Thursday was mostly taken up with media interviews and press photo shoots, culminating in a reception and gala dinner at the Kentucky Horse Park for all the international and out-of-town guests. All of them, that is, except the main stars of the show, the horses, who remained in their stables at the racetrack, totally unaware of all the fuss that was going on around them.
But Owen Reynolds was there, along with his wife, Eleanor.
‘Hi, Owen,’ I said, going over to him at the reception. ‘Good journey?’
‘Yes, thank you,’ he said. ‘We arrived this morning from New York. Eleanor wanted to go there for a couple of nights on the way. To go shopping.’
He rolled his eyes and I laughed.
‘Is Georgina with you?’ Eleanor asked, ignoring her husband.
‘No. Her father died, and she’s in Harrogate looking after her mother.’
‘Oh, I’m so sorry.’
‘Thank you,’ I said.
A waiter came and refilled our glasses.
‘Have you been to see Potassium?’ I asked Owen.

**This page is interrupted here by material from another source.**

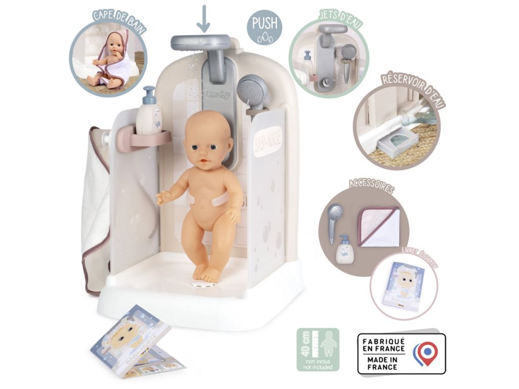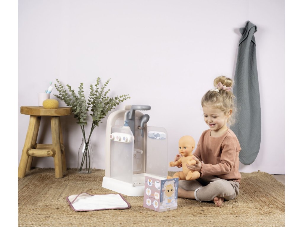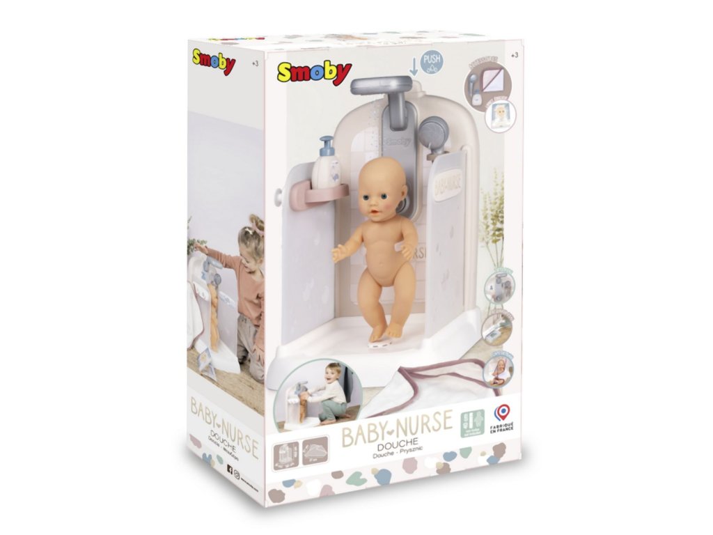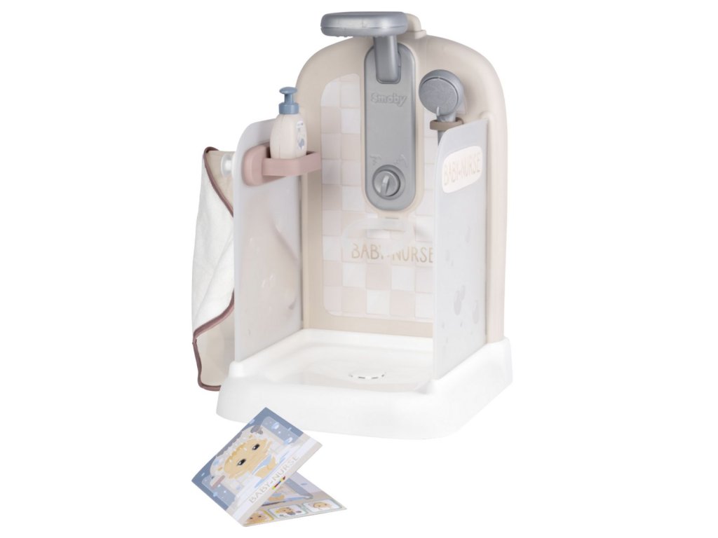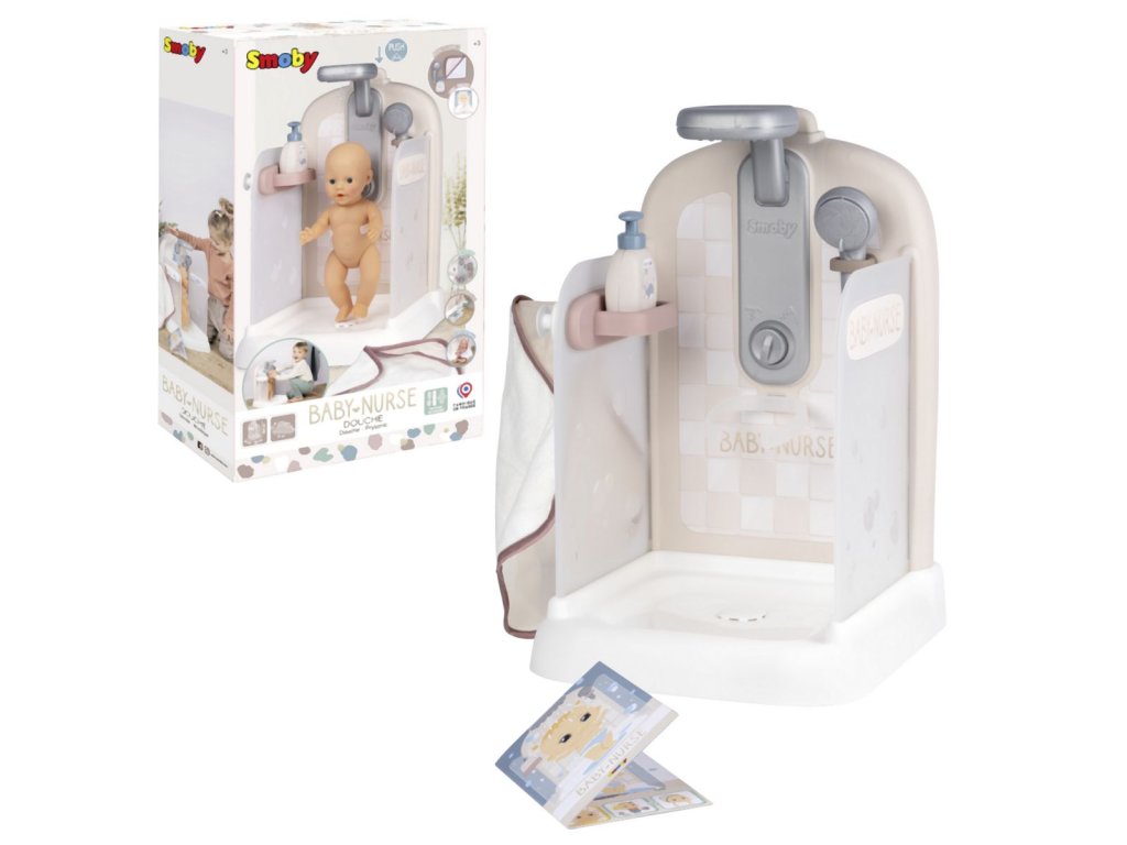 Sprchový kout pro panenky Baby Nurse s funkční sprchovou hlavicí, funkce proudu vody díky čerpadlu a nádrži na vodu. Sprcha má držák na ručník, háčky na župany, poličku, pevnou sprchu, hlavici a řada dalšího příslušenství. Vhodné pro panenky do 40 cm (panenka není součástí balení). Rozměry produktu (DxŠxV): 30,9 x 29,9 x 46,6 cm. Hmotnost 1,845 kg.Doplňkové parametry

‘Sure have. I went straight to the stables, even before checking in to the hotel. He looks in great form. Raring to go.’
‘Good.’
As so often in the United States, dinner was served early at six, so the whole event was over before nine, which was just as well as I was having difficulty keeping my eyes open during the final speeches because of the jet lag.
Toni picked me up, and I was asleep before we arrived at her place.
But she woke me up again.
Potassium’s race was the very last one on the Saturday afternoon, the climax, with all the other races acting as appetizers for the main event.
The organizers had invited everyone connected to runners on Saturday to attend Friday’s racing if they wanted to, but Toni had somehow wangled some time off — she said that all the ticketing was now complete — so we spent a while seeing some of the local sights and then went back to bed at her place, which was much more fun.
On Saturday morning, she had to go in to work early to make up the hours she had taken off on Friday, so she dropped me at the Hilton, and I arranged for one of the official cars to get me to the track by noon.